Records from a collection:
╔══

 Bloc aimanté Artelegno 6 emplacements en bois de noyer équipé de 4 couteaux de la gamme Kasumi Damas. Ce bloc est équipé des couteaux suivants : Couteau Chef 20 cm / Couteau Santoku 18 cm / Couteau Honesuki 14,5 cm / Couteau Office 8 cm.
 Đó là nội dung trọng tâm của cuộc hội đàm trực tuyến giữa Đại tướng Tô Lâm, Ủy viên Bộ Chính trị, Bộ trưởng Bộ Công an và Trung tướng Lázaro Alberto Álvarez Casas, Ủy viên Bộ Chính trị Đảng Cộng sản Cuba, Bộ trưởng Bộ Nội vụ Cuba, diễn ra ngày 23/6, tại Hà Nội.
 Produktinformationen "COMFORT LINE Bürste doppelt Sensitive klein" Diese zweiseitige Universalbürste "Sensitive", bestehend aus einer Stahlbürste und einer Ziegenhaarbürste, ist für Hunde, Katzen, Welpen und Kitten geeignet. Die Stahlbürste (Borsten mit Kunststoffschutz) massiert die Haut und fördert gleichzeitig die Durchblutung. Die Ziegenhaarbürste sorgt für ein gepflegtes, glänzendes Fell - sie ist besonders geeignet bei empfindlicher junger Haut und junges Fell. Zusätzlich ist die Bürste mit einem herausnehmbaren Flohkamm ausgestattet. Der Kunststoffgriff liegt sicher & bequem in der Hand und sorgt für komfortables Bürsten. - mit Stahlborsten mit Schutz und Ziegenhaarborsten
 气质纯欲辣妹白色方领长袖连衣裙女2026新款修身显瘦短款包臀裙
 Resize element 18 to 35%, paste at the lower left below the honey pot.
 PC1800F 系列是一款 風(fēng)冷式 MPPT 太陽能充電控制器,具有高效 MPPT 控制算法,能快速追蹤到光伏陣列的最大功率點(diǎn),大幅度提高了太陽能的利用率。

╚══

### PROBLEM
Give again, word for word, the records from their first line to the one with "Đó là nội dung", and leave out all else.

### YOUR SOLUTION
 Bloc aimanté Artelegno 6 emplacements en bois de noyer équipé de 4 couteaux de la gamme Kasumi Damas. Ce bloc est équipé des couteaux suivants : Couteau Chef 20 cm / Couteau Santoku 18 cm / Couteau Honesuki 14,5 cm / Couteau Office 8 cm.
 Đó là nội dung trọng tâm của cuộc hội đàm trực tuyến giữa Đại tướng Tô Lâm, Ủy viên Bộ Chính trị, Bộ trưởng Bộ Công an và Trung tướng Lázaro Alberto Álvarez Casas, Ủy viên Bộ Chính trị Đảng Cộng sản Cuba, Bộ trưởng Bộ Nội vụ Cuba, diễn ra ngày 23/6, tại Hà Nội.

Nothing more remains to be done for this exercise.